Yvo de Boer, director general of the Seoul-based Global Green Growth Institute (GGGI) and former executive secretary of the UN’s Framework Convention on Climate Change (UNFCCC), talks to Blue & Green Tomorrow about the obstacles that are keeping both developing countries and the west from a low-carbon revolution.

Former global chairman of Climate Change and Sustainability Services at KPMG and UN’s climate secretary from 2006 to 2010, De Boer was able to gather political leaders at Copenhagen’s climate summit in 2009, where civil groups and NGOs rallied to demand strong commitment to curb climate change.

De Boer, now the director general of the Global Green Growth Institute, an organisation supporting developing countries to promote sustainable economic growth, speaks to Ilaria Bertini about the clean energy transition in Europe and in developing countries.

What are the main challenges that are preventing developing countries from achieving green growth?

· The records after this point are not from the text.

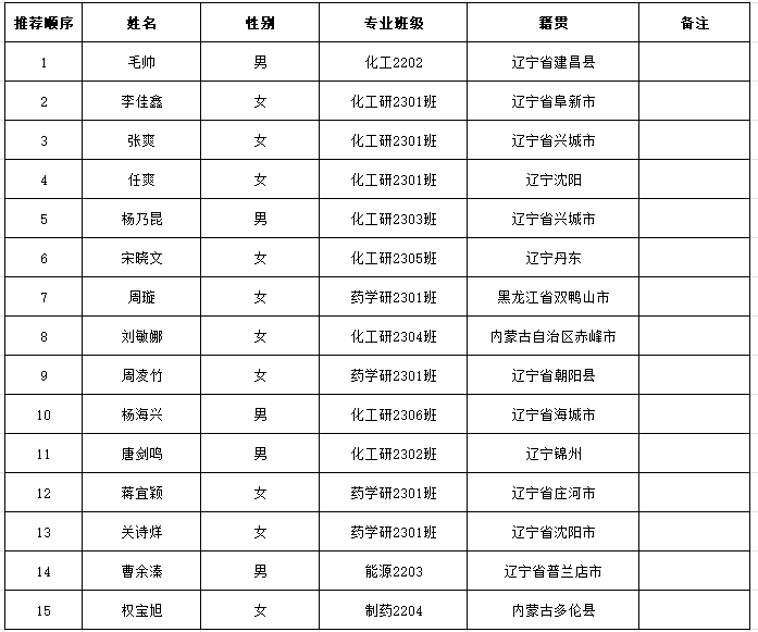 根据中共辽宁省委组织部《关于协助做好辽宁省2026年度选调应届优秀大学毕业生推荐工作的函(省内高校)》文件精神,在符合条件学生自愿申报基础上,经学院选调生推荐报名工作领导小组资格审查、审核讨论、评定排序,报学院党政联席会审议通过,拟推荐结果如下: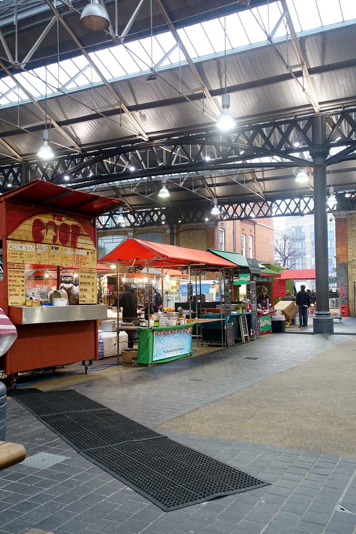 Een aparte vermelding verdient Old Spitalfields Market, een grote overdekte ‘hal’ met daarin allemaal mooie winkels (zoals Bobbi Brown, MAC, Chanel en Urban Decay) én een heleboel kraampjes. Afhankelijk van de dag staan er verschillende. Zo is er op donderdag een antiekmarkt, op vrijdag vooral kleding en kunst, op zaterdag is er altijd een thema en op zondag is er van alles. Naast het aanbod van kraampjes staan er ook altijd verschillende foodtrucks. Ze zijn elke dag open 10 tot 5, behalve op zaterdag, dan zijn ze om 11 uur open.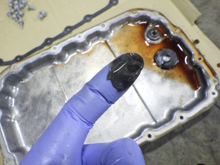 フィルター、オイルパンのボルトも同時に交換します。外したオイルパン内の磁石には、汚れた鉄粉が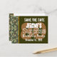 Hier ist eine trendige Save the Date Postkarte mit einem Waldtarnen-Camouflage-Druck für eine überraschende 80. Geburtstagsparty. Spaß! Der gesamte Text ist anpassbar.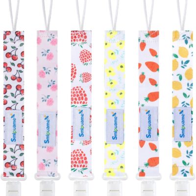Smlpuame Dummy Clips Girl,6 Pack BPA Free Soother Chain,Pacifier Holder Clips for Teether Toy,Baby Dummy Strap Clip Universal Design Fit All Pacifiers Baby Teething Toys,Newborn Baby Shower(Fruit)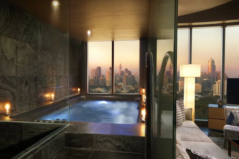 Das SO/ Bangkok ist ein richtig stylisches Hotel mitten in der City, direkt am Lumpini Park. Die Zimmer sehen aus wie aus einem Instagram-Feed - modern, bunt und alle ein bisschen anders. Oben gibt’s einen Rooftop-Pool mit fetter Aussicht über Bangkok, plus Bar für Drinks bei Sonnenuntergang. Perfekt für alle, die City-Vibes, gutes Essen und coole Fotos und eine unvergessliche Zeit haben wollen.
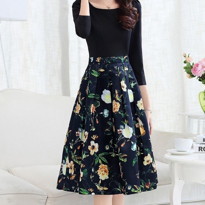 7分袖とフレアスカートの組み合わせは、女性らしさを引き立てます。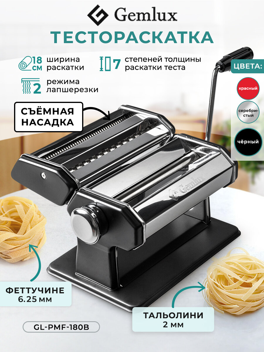 Тестораскатка Gemlux GL-PMF-180, ручная, металл, 1 пара валков, 7 положений, 18x15x23 см: сравнение цен, характеристики, фото, актуальное наличие и цены.
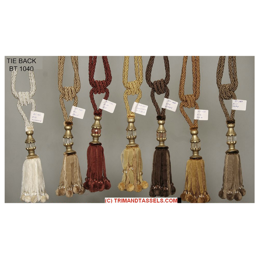 Trim and Tassels has been selling beautiful hand made curtain tiebacks for decades. These curtain tiebacks add just the right amount of decor to your window treatment. They are made of rayon and available in various colors. Click on the drop down list to view list of available colors. For any questions please call us at 1800-477-3459 or 973-808-1566. This is a clearance item. All clearance items are final sale. No returns / exchanges.Clearance - Curtain Tie Backs - BT1040
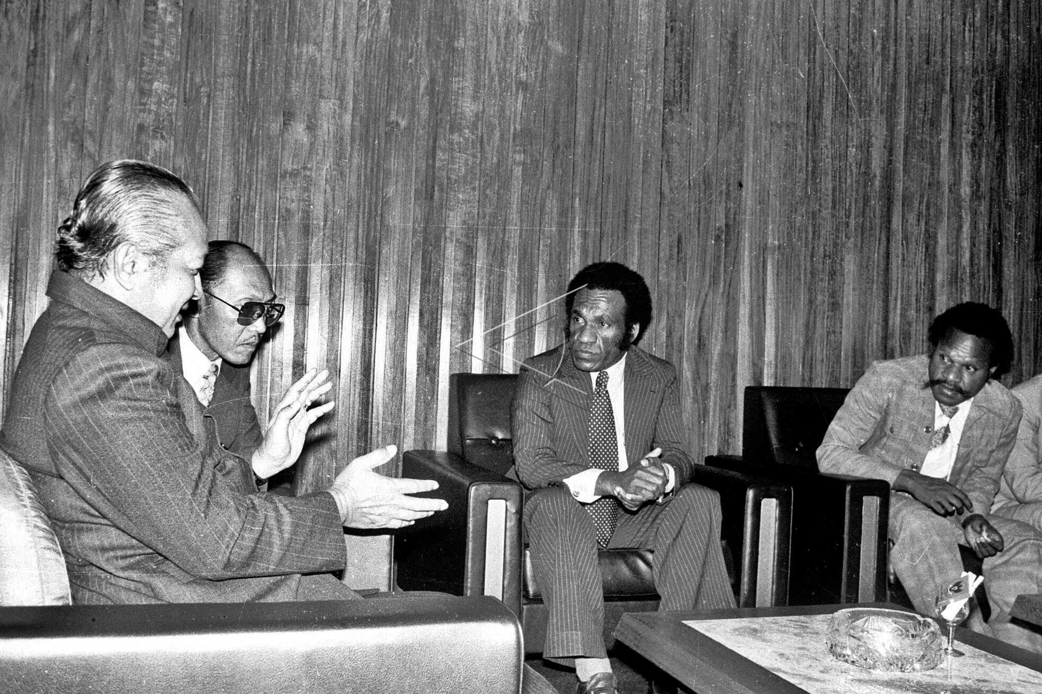 President Soeharto (left) meets Papua New Guinea opposition leader Iambakey Okuk and groups at Bina Graha in Jakarta (1978). ANTARA FOTO/Rachman/hm/asf/tom.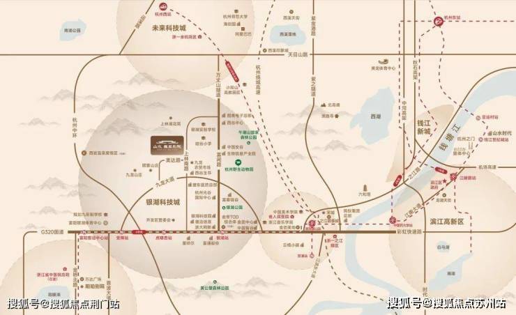 项目位于银湖科技城融杭门户,抢占交通资源高地,约1500米连接杭州地铁6号线虎啸杏站,瞬达杭州主城核芯。毗邻G320国道与彩虹快速路西延段,形成快速融杭交通走廊。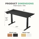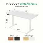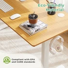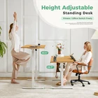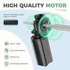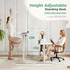 1. Adjustable height: This electric standing desk allows you to easily adjust the height from sitting to standing, promoting a healthy and productive work environment. 2. Splice board: The desk comes with a splice board, providing additional workspace for your computer, paperwork, or other office essentials. 3. Two hooks: The desk features two hooks for hanging bags, headphones, or other accessories, helping to keep your workspace organized and clutter-free. 4. Wire hole: With a convenient wire hole, you can easily route cables and cords to keep them organized and out of the way, creating a clean and tidy workspace. 5. Home office essential: This standing desk is a perfect addition to any home office, providing a comfortable and ergonomic workspace for working, studying, or gaming.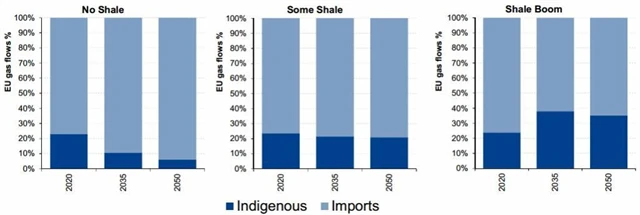 Závislost EU na dovozu plynu by se v roce 2035 snížila až na 62 % z 89 % v případě nevyužívání břidlic. Studie také zjistila, že by nové zdroje plynu výrazně snížily podíl uhlí na výrobě elektřiny, prakticky nijak by ale neovlivnily podíl obnovitelných zdrojů. Pokud by Evropa plyn z břidlic netěžila, podíl uhlí, které na jednotku energie tvoří podstatně více emisí než plyn, by se snížil jen minimálně, plyne z grafů studie.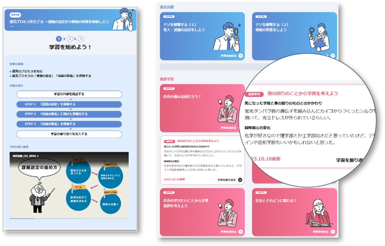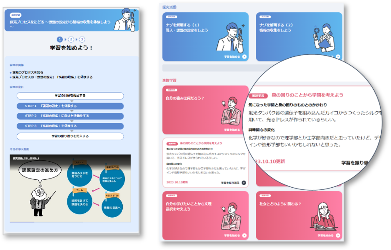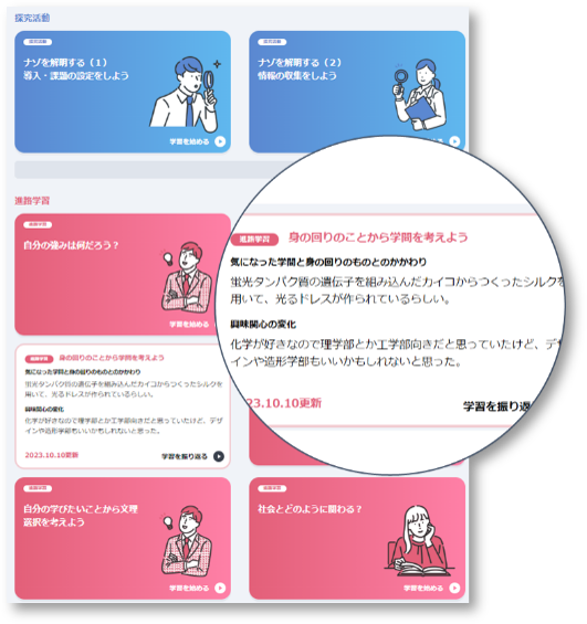 すべての授業に振り返りパートがあり、生徒が「今の自分の興味の関心の変化」を記載、蓄積するため、進路を考える際の自分の軸に気付くことができます。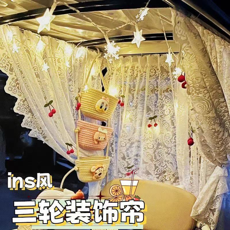 三轮电动车窗帘遮阳帘公主风防晒帘魔术贴纱帘电动三轮车内饰改造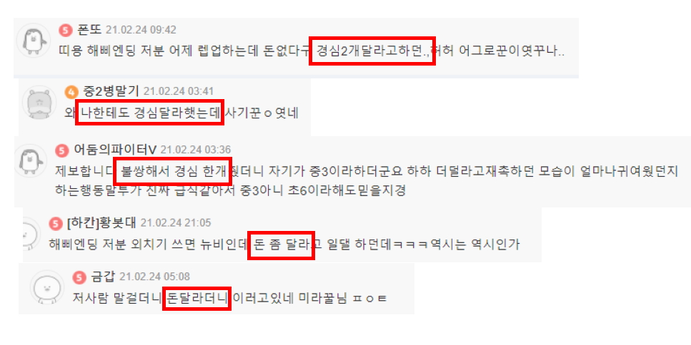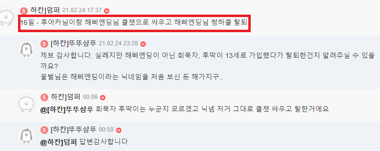 2월 7일 ~ 2월 16일까지의 해삐엔딩 어그로는 딱히 없는 듯 합니다. 오소리님과 제 글의 댓글을 보아하건데 아마도 해삐엔딩은 2월16일 청하클 탈퇴를 기점으로 각종 어그로 및 후아카 사칭을 시도한 것으로 보입니다.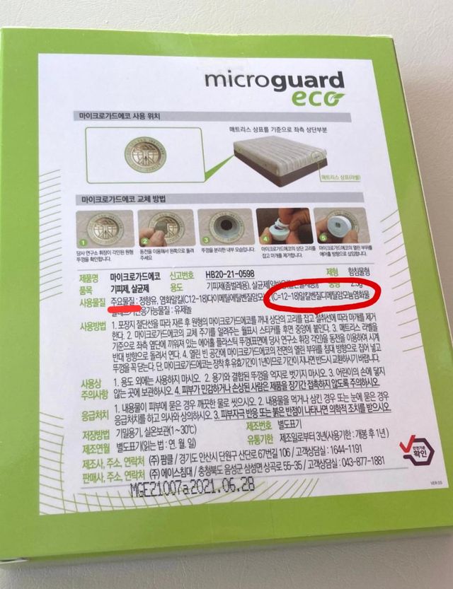 에이스침대 마이크로가드 에코에 주요물질인 (C12-C18)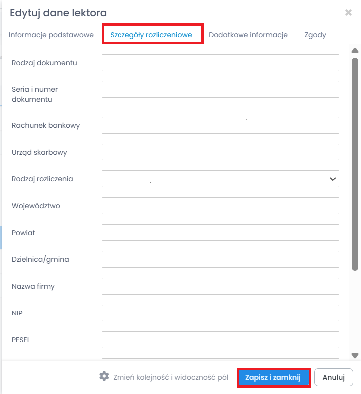 Dane rozliczeniowe lektora wykorzystywane są na etapie rozliczenia lektora ze szkołą, tworzenia jego wynagrodzenia.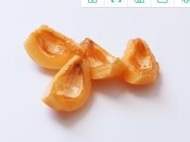 把核去掉。核与果肉之间有一层膜,要是有时间,就把这层膜撕掉。再切一刀,一颗枇杷分成四瓣。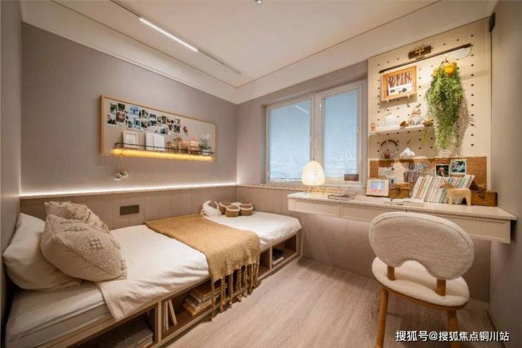 次卧实现多功能均衡,定位家庭加油站,可以作为阅读、办公以及收藏兴趣爱好的空间。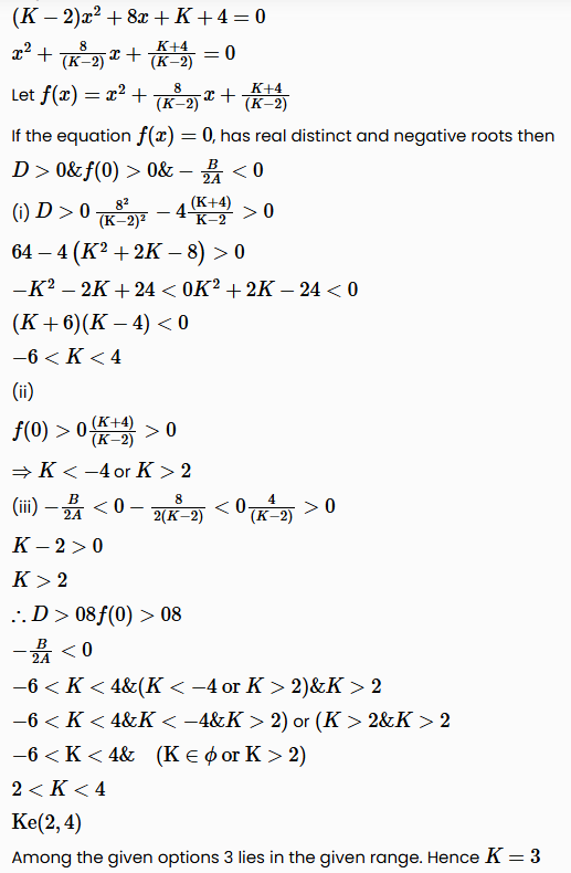 The value of K, for which the equation (K–2)x2 + 8x + K + 4 = 0 has both the roots real distinct and negative is:
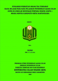 Ulpah, 2022, “Pengaruh Perhatian Orang Tua Terhadap Hasil Belajar Pada Mata Pelajaran Pendidikan Agama Islam Siswa di Sekolah Menengah Pertama Negeri (Smpn) 1 Muara Muntai Kabupaten Kutai Kartanegara” Skripsi, Program Studi Pendidikan Agama Islam (PAI), Jurusan Pendidikan Islam, Fakultas Tarbiyah dan Ilmu Keguruan (FTIK), Universitas Islam Negeri Sultan Aji Muhammad Idris (UINSI) Samarinda. Penelitian ini dibimbing oleh Bapak Dr. Suratman, M.Pd selaku dosen pembimbing I dan Ibu Rumainur, M.Pd.I selaku dosen pembimbing II.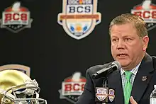 In December 2009, Kelly agreed to replace Charlie Weis as Notre Dame's head coach.[43] On December 10, Kelly announced that he had taken the position at Notre Dame.[44] He made the decision not to coach the Bearcats in the Sugar Bowl on January 1, 2010, which the Bearcats lost in a blowout to the University of Florida Gators.[45][46]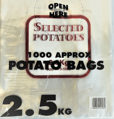 Our Potato Bags are the ideal choice for storing and showcasing your potatoes in a professional and appealing manner. These preprinted “Selected Potatoes 2.5kg /5.5lb” Potato Bags Red are a 100% recyclable poly bag that are ready to go out of the box.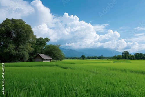Lush green rice field with cottage and tree under vibrant blue sky and clouds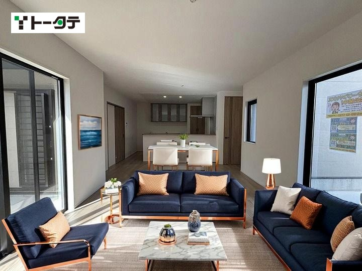 開放的でおしゃれなオープンキッチンを採用した4LDK。ゆとりある玄関・ホールに、ワイドタイプのバルコニーを備え、南向きで陽当たり良好です。火災に強く保険料を抑えられる省令準耐火構造。駐車2台可能。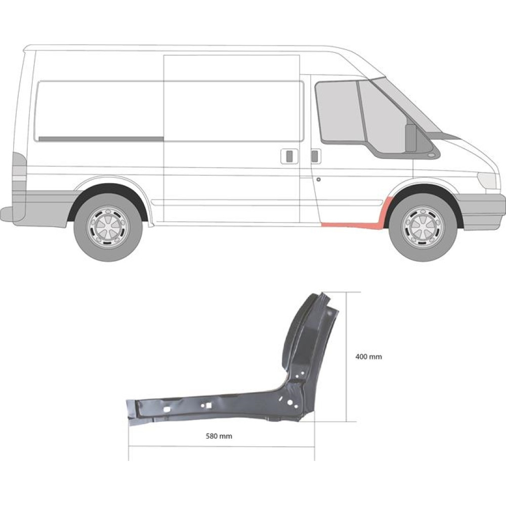 Кузов елемент. Розташований усередині порогу та арки в передній частині автомобіля. Виконує функцію підсилювача порога переднього отвору дверей.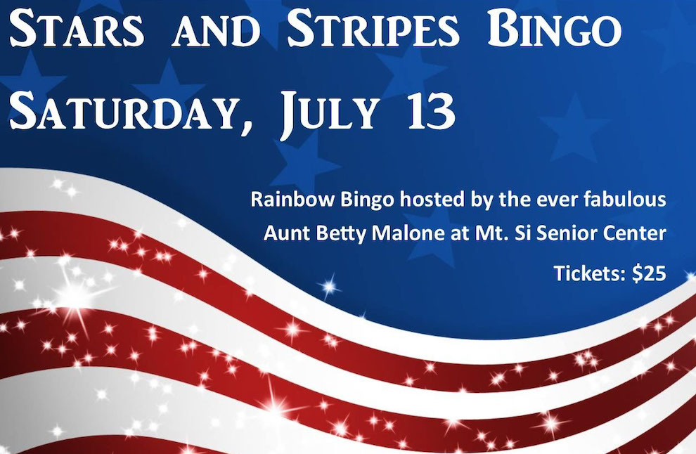 Independence Day may be gone according to the calendar, but the festivities will continue on Saturday at Mt. Si Senior Center, where the always fabulous Aunt Betty Malone is hosting Stars and Stripes Rainbow Bingo – Saturday, July 13th – starting at 6:30PM.
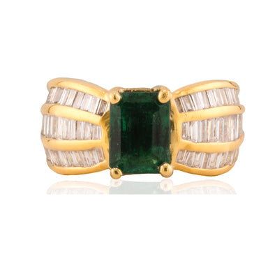 18k Ring with one emerald cut emerald weighing approximately1.50 carats and 66 baguette cut diamonds weighing approximately 1.35 carats. 7.32g Size...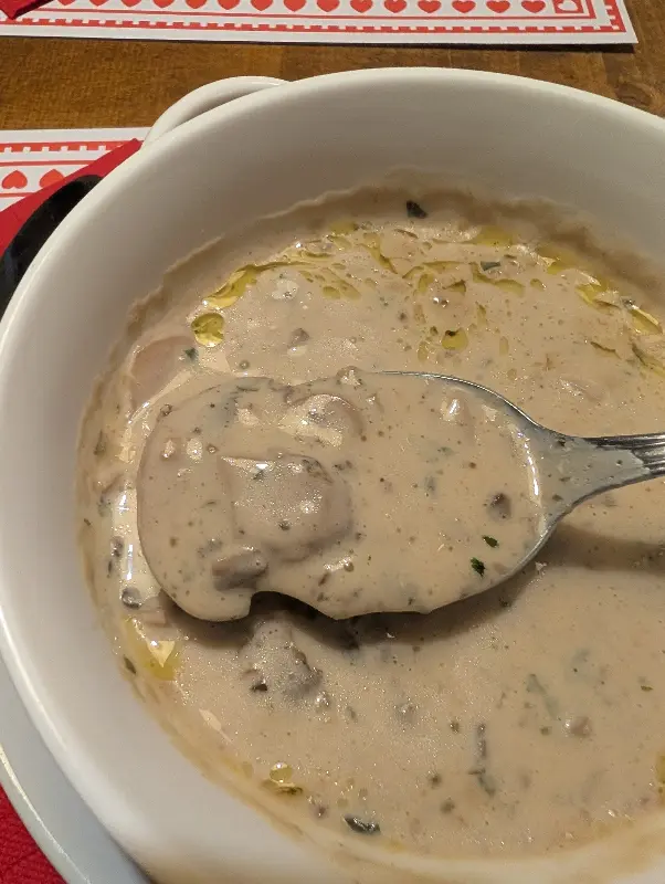 깊고 풍부한 풍미를 자랑하는 버섯 수프. 부드러운 질감과 버섯의 향이 입안 가득 퍼진다.

The first is that many developing countries are inclined to follow the economic growth model of  industrialisation of the West, because they have seen how it has worked for us. Secondly, many of them do not have the institutional or analytical capacity to understand how a different and more sustainable model of economic growth could be attractive for their country. A third aspect for many, but not all, developing countries is that the base of their economy is to sell natural resources, from minerals to wood or agricultural products, to other countries, so their economy is highly dependent on exports. This is why we as an institution help countries to understand where or how a more sustainable model can be attractive to them and to build the institutional capacity that allows them to assess what would be in their interest.